Several years of research into invertebrate-associated viruses have highlighted the occurrence of a class of small, circular, replication initiator protein-encoding single-stranded DNA (CRESS-DNA) viruses in marine and freshwater arthropods, including the water flea Daphnia spp. (Hewson et al., 2013), copepods Labidocera aestiva and Acartia tonsa (Dunlap et al., 2013) and amphipod Diporeia sp. (Hewson et al., 2013). The viruses are both active in replication, and present at high prevalence in natural populations. In Daphnia mendotae, prevalence was significantly correlated to mortality (r2 = 0.79) over seasonal cycles of abundance (Hewson et al., 2013). In cell cultures of experimentally infected Spodoptera frugifera (sf9) cells, circoviruses caused enhanced mortality and slower cell growth than in uninfected cells.

Despite our observations of circoviruses across a range of crustaceans, we know remarkably little about how they affect their hosts, and moreover how these effects may alter their host’s roles in biogeochemical cycles or food webs.

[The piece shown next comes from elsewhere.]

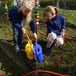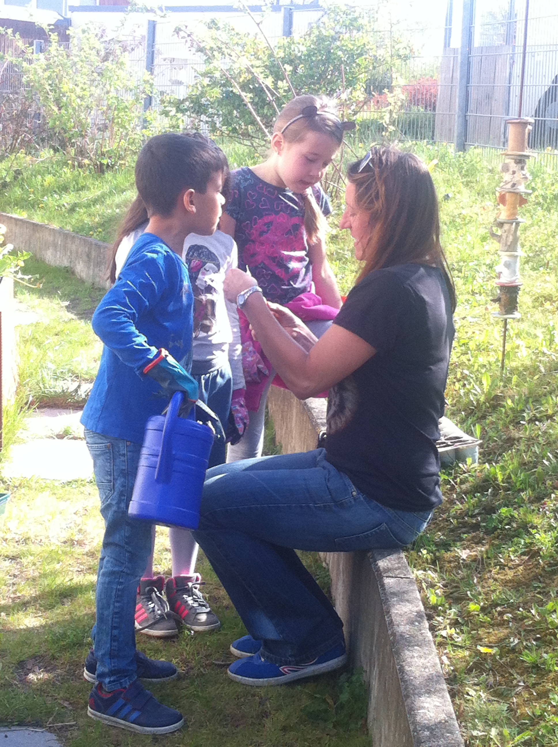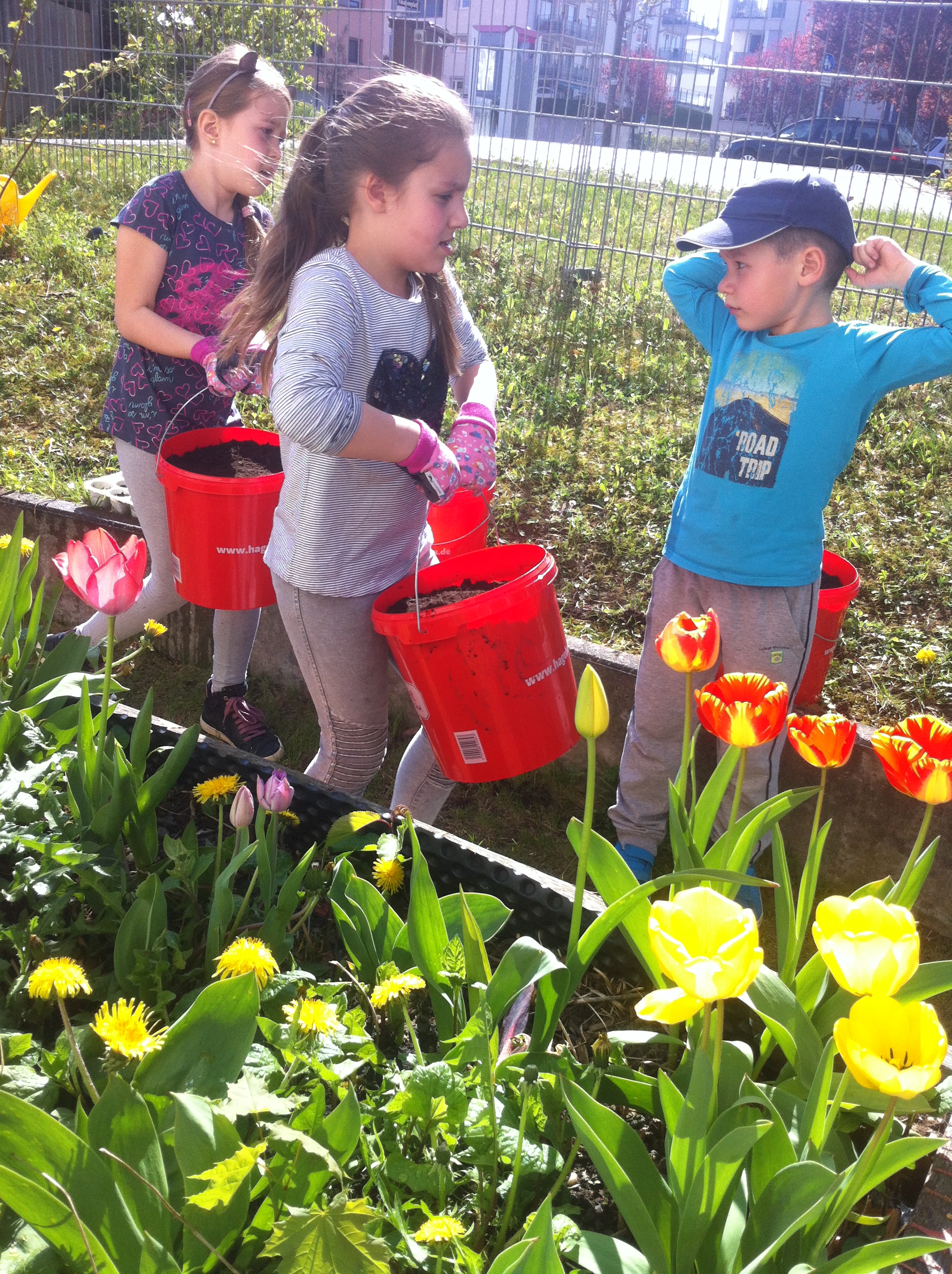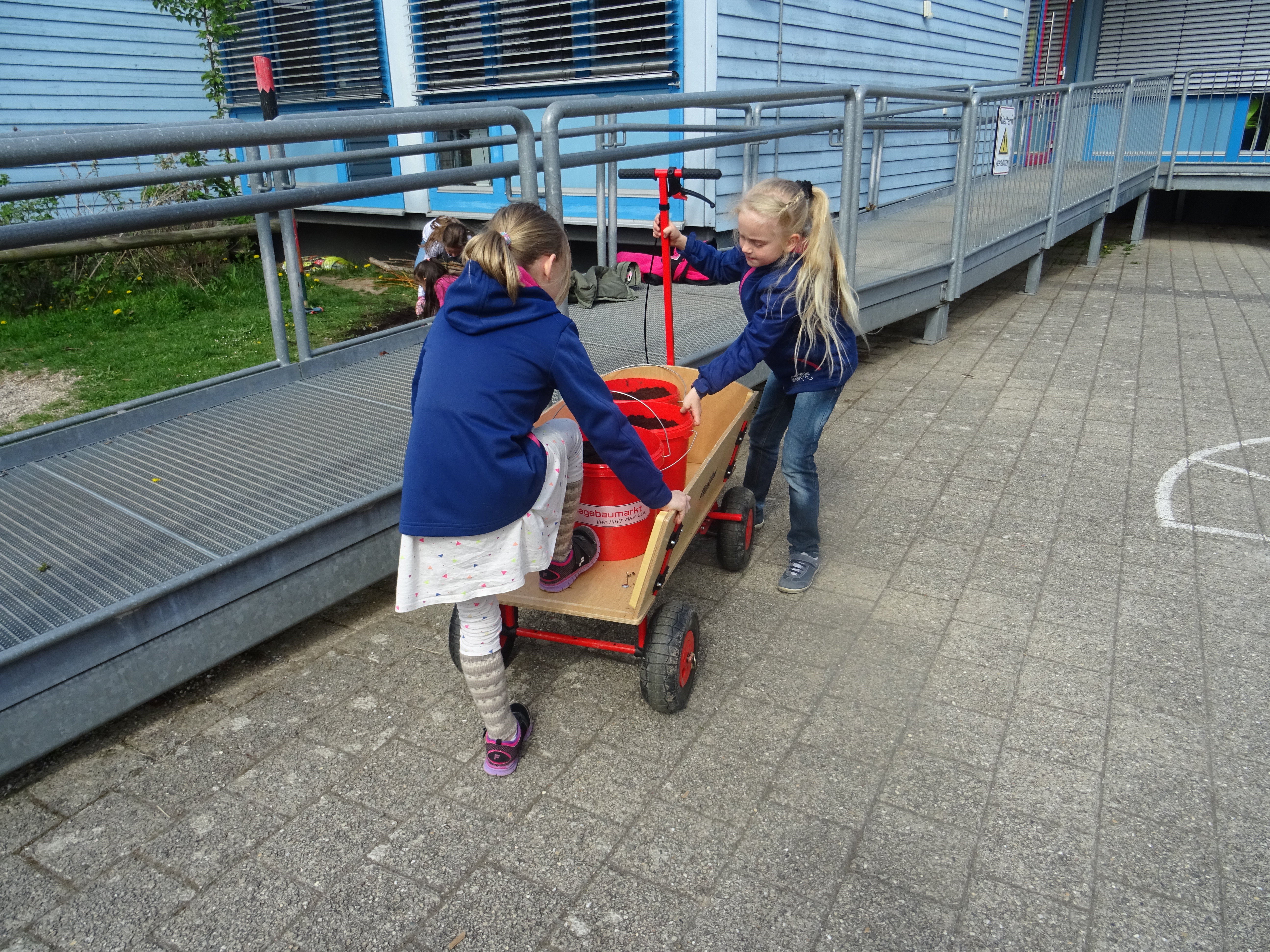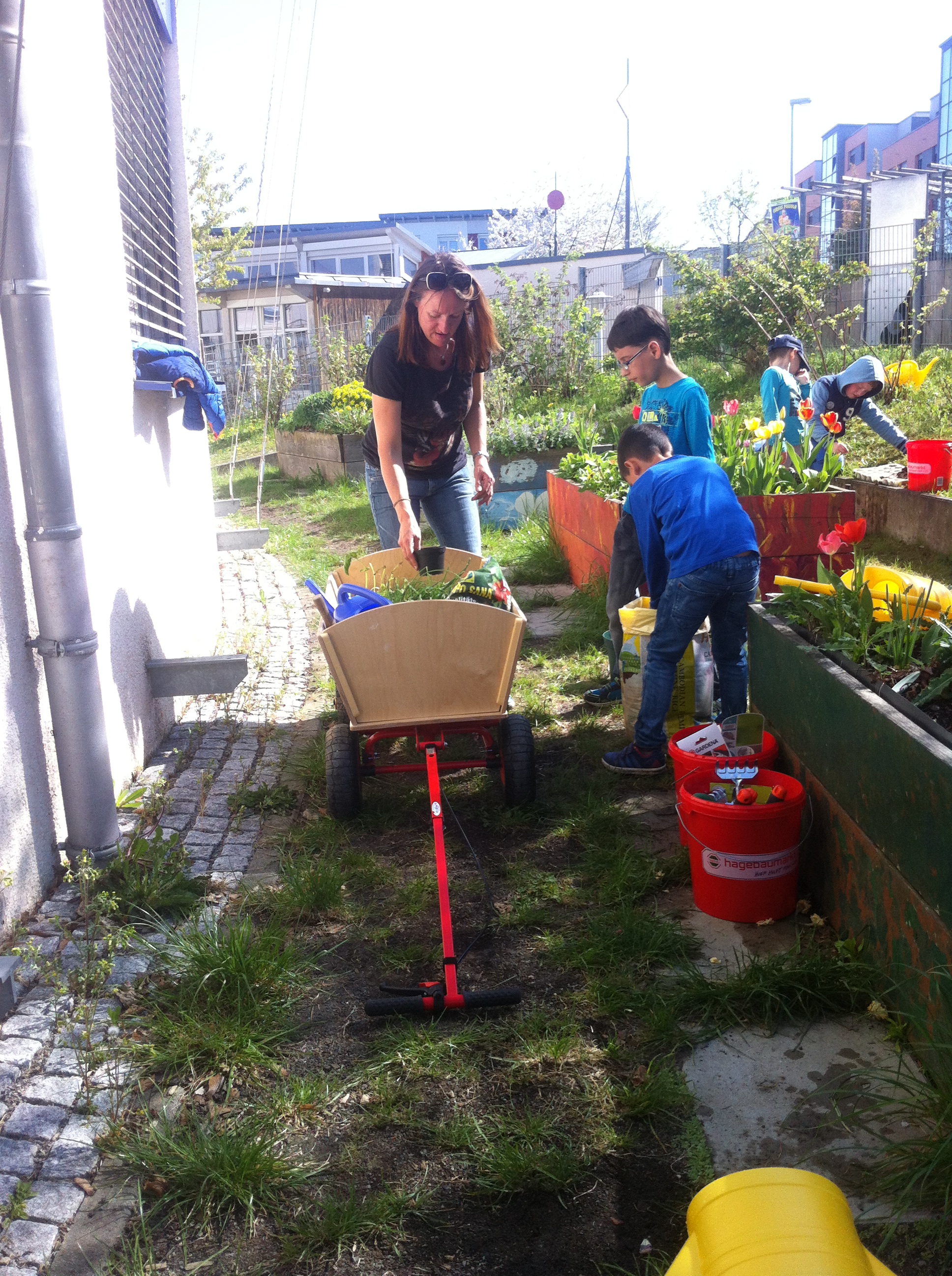 Die Osterferien lagen in diesem Jahr mitten im April, und dieser zeigte sich von seiner besten Seite. April, April macht was er will… somit hatten wir, was das Wetter anging, von allem etwas dabei: Sonne, Regen, Hagel und sogar Schnee. Die Wetterlage passte nicht ganz zu unserem Thema: Alles, was wächst und gedeiht – wir pflegen unseren Schulgarten. Aber wir ließen uns nicht vom unsteten Aprilwetter abhalten. Regenjacken, Schneehosen und Handschuhe an und nichts wie raus in den Schulgarten. Hier arbeiteten wir fleißig mit Schaufeln, Erde, Blumensamen und gingen dem Unkraut an die Wurzeln. Auch unser selbstgebautes Kräuterregal bepflanzten wir mit Basilikum, Schnittlauch und Dill. In unseren Mini-Gewächshäusern zogen wir aus verschiedenen Samen Zöglinge von Kräutern und Blumen, die wir bald nach draußen setzen wollen.

In this project, our focus is on amphipods, targeting the freshwater taxon Diporeia sp in the laurentian Great Lakes, and the kelp amphipod Peramphithoe femorata. Both organisms are important to aquatic habitats for different reasons. Diporeia is a major consumer of settled spring bloom materials, and has experienced significant decline in geographic range in the last 20 years for reasons that are not totally clear. It is a major food source for larval fish. Peramphithoe on the other hand is a major consumer of detrital giant kelps on the US West Coast, which are threatened due to nutrient pollution and ocean-scale climatic phenomena, like el nino.

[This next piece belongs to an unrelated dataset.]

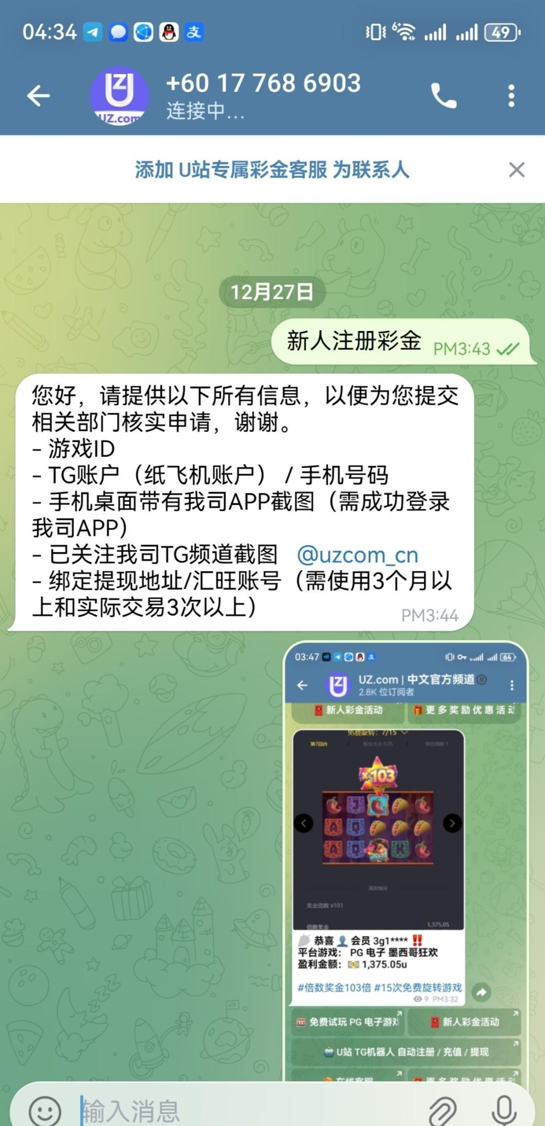 飞机上看到的,新人注册送9.99u,按客服要求绑定出款地址,关注频道就送,提款最低50u,需最低充值5u,我没打出来,老哥们可以去试试,网址uz.com

P1020091Peramphithoe femorata

This project was the first to gauge how viruses affect the ecological and biogeochemical roles that amphipods play in their respective habitats. We first examined the prevalence and viral load of both species amongst variable populations to understand their relationship to host food quality (C:N ratio, lipid content, etc). We then performed inoculation trials with their viruses in mesocosms to understand their impacts on key biogeochemical process, including NH4+ flux into overlying waters, decomposition of plant material, bacterial production, and inorganic nutrient transformation.

Significant Results:

This project has generated considerable new knowledge about the ecology and biogeochemistry of CRESS-DNA viruses in amphipods (and isopods). All project data has been deposited at BCO-DMO at and all sequence data generated has been acceded to NCBI.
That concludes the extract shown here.